While our manuscript was in preparation, Xu et al. (2001) reported that CBP was methylated by CARM1 within the KIX domain (aa 582–672) in vitro. However, we found that the KIX domain of CBP was very weakly methylated in vitro. Also, CBP mutants in which R702, R714, R742 and R768 are deleted or mutated (but still containing the KIX domain) were not methylated at all, or very weakly methylated, by CARM1 in vitro. One possibility to explain this discrepancy could be that methylation on the sites we identified is required for methylation within the KIX domain. If this is the case, then both methylation events will be involved in the same pathway. Methylation of CBP within the KIX domain was proposed by Xu et al. (2001) to be involved in the CREB pathway. We found that a CBP protein mutated on the sites we identified functions as a co-activator for phosphorylated CREB, and this in a manner indistinguishable from wild-type CBP. The two methylation events are thus most likely unrelated and independent processes.

Consequently, the fact that a CBP mutant deleted for the sites we identified could only be methylated to very low levels by CARM1 suggests that the methylation sites described by Xu et al. (2001) are very minor methylation sites, at least in vitro. An interesting possibility would be that weak methylation sites could play major functional roles in vivo. Alternatively, due to the presence of co-factors or after some post-translational modifications of CBP or of CARM1, the sites within the KIX domain could be more efficiently methylated in vivo. Consistent with this possibility, we found by metabolic labelling that a CBP molecule deleted for the methylation sites we identified was still methylated in cells to some extend (Supplementary data), although it was not methylated by CARM1 in vitro. These results indicate that CBP can be methylated on sites other than the ones we have identified. That methylation could be mediated by CARM1 and could occur on the sites described by Xu et al. (2001). However, because SAM is the only methyl donor group, metabolic labelling cannot distinguish between arginine methylation, lysine methylation and methylation elsewhere on the protein, such as C-terminal methylation. Because of this limitation, a study of the extent and the dynamic of CBP methylation on the sites described by Xu et al. (2001) would require the use of an antibody specific for CBP methylated on one of these sites.
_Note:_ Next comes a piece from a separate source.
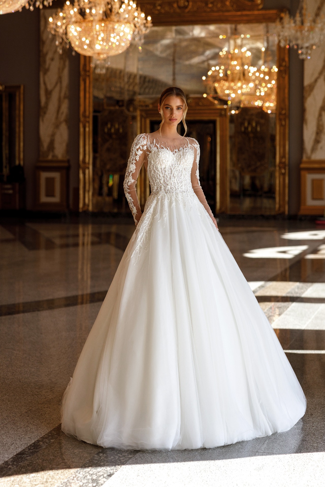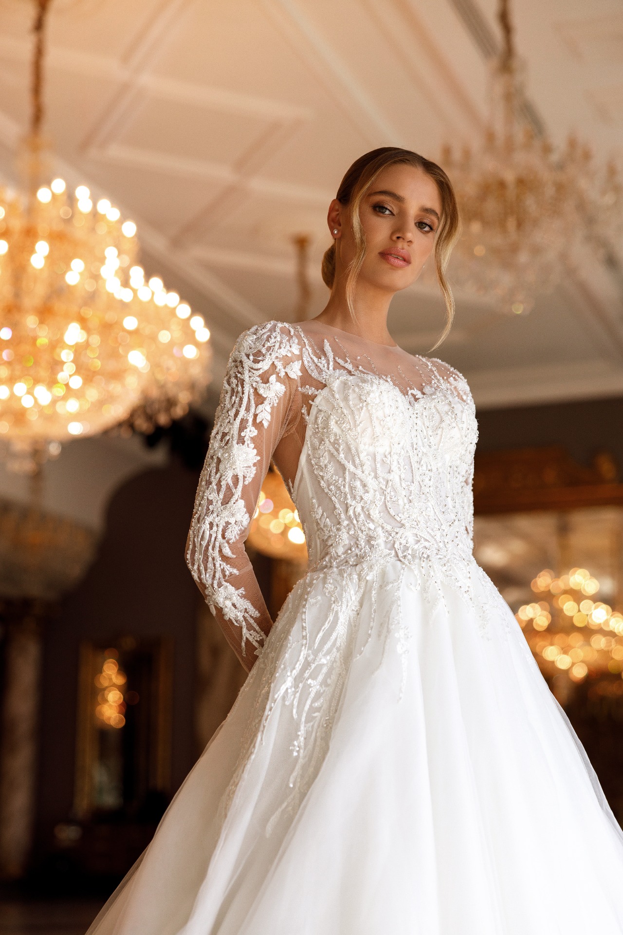 Svadobné šaty OFÉLIA sú romantickým modelom pre nevestu, ktorá túži po elegancii a jemnom lesku. Dlhé rukávy sú bohato vyšívané krásnou čipkou, ktorá decentne zvýrazňuje línie rúk a dodáva šatám noblesný charakter.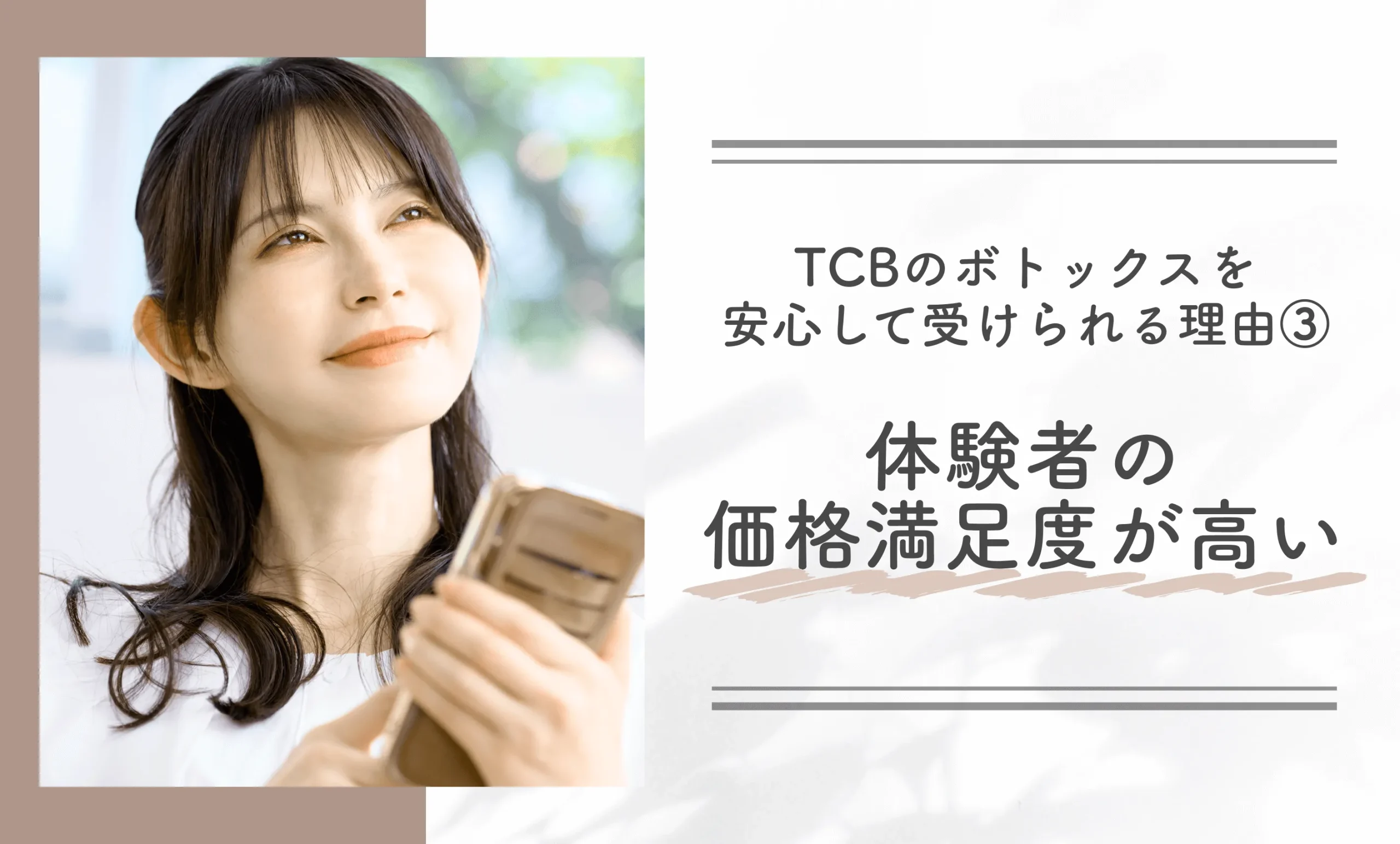 TCBのボトックスを無料クーポンでも安心して受けられる3つ目の理由は、体験者の価格満足度が高いことです。

In summary, arginine methylation is an additional modification that regulates CBP co-activator function. It is likely that other non-histone methylation targets involved in the regulation of transcription will be identified in the near future. Whether arginine methylation will turn out to be a post-translational modification as important as phosphorylation or acetylation is an attractive, but rather provocative, idea.

Materials and methods

Plasmids and expression of recombinant proteins

CBP C (aa 685–774) and CBP D (aa 770–1098) were made by inserting the corresponding cDNAs into pGEX2tk vector by PCR. CBPΔ685–774 was created by deleting by PCR a region spanning aa 685–774 from pGEX2tk CBP FL. PGEX2tk CBP 3R→A (corresponding to R714, R742 and R768 mutated to alanines) was generated by in vitro site-directed mutagenesis with GeneEditor™ (Promega). PGEX CBP B was provided by Dr T.Kouzarides and all the other pGEX CBP constructs were a kind gift from Dr A.Harel-Bellan. PGEX-KG-p300 full length, aa 1–595 and aa 1–744 were a kind gift from Drs Y.Chang and P.S.Moore. pGEX-E2F-1 (aa 89–437) was a gift from Dr N.La Thangue, pGEX-p53 was from Dr G.Bouche, pGEX-MyoD was from Dr S.A.Leibovitch, pGEX-HMT1 was from Dr M.Ferrer and pGEX-PRMT1 was from Dr H.Herschman.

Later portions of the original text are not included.